Как ты выжил? Твой мир сжался до каюты моряка: лишенная солнца спальня, ночной горшок и три фута коридора, которые не было видно из окна. Тебе запрещалось выходить на улицу, стоять у окна, петь, бросать мяч об стенку – иными словами, запрещалось быть мальчиком. Ты был монахом, окруженным тишиной и книгами, которые приносила я, ты был изолирован от опасностей внешнего мира. Как ты не сломался, зная, что стоит соседу тебя увидеть, и к вечеру сюда явится весь город, тебя вымажут желтой краской и будут стучать в кастрюли в ярости на уклониста, трусливого афроамериканца? Знаю, ты изучил каждое сражение этой войны, каждый корабль с темнокожими солдатами на борту, отправленный через океан и разлетевшийся в мелкие щепки. Ты следил за цифрами потерь, как другие мальчишки следят за бейсбольной статистикой, – я знала, это для того, чтобы прикоснуться к настоящему миру, дать ему себя ранить, почувствовать себя живым. Ты жил в зазеркалье, в дупле дерева, в мире без смерти, созданном для тебя женщинами.

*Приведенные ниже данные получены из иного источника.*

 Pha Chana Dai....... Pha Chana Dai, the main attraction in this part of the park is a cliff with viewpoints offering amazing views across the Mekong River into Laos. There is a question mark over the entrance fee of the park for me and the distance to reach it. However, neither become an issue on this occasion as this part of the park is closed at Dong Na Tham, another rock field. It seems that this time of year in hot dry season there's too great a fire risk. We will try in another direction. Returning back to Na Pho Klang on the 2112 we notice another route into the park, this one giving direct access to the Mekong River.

Я навещала его в тюрьме, оклеенной газетными вырезками. Приходила несколько раз в неделю с нотной тетрадью в руке. Его мать садилась внизу, одна, и играла на дрянном пианино – предполагалось, что я беру уроки музыки. Играла всегда одно и то же: «Где или когда». А я поднималась наверх, к ее сыну. Всегда приносила книги, спрятанные в нотной тетради, – кажется, я перебрала всю библиотеку. И мы читали вместе, в тишине или перешептываясь, пока не приходила пора мне возвращаться в странный солнечный мир, которого он не видел.
Я помню каждый угол твоей комнаты. Конечно, я ведь была влюблена. Лассо, висевшее у окна, словно змея. Твою железную кровать, крашенную в гигиеничный белый цвет, провисшую, как тюремная койка. Не отбрасывающую тени статуэтку – индейца на коне. Твою куртку с медными заклепками, которую я одалживала холодными вечерами. Еще я помню твое лицо в тусклом свете, улыбку, расцветавшую, когда я приходила. Твой молчаливый силуэт у закрытой шторы: широкоплечий, с тощими ногами и отросшими волосами. Как ты одними губами говорил: «Привет» – и жестом приглашал сесть рядом. Я вверила твою комнату памяти. Сказала себе: мол, это для того, чтобы в пасмурные дни можно было ориентироваться в душной темноте, как в игре в жмурки. На самом деле – для того, чтобы потом, лежа в своей кровати, можно было закрыть глаза и представить, что я рядом с тобой в этой тихой лисьей норе, ставшей твоим миром. Я любила тебя без памяти.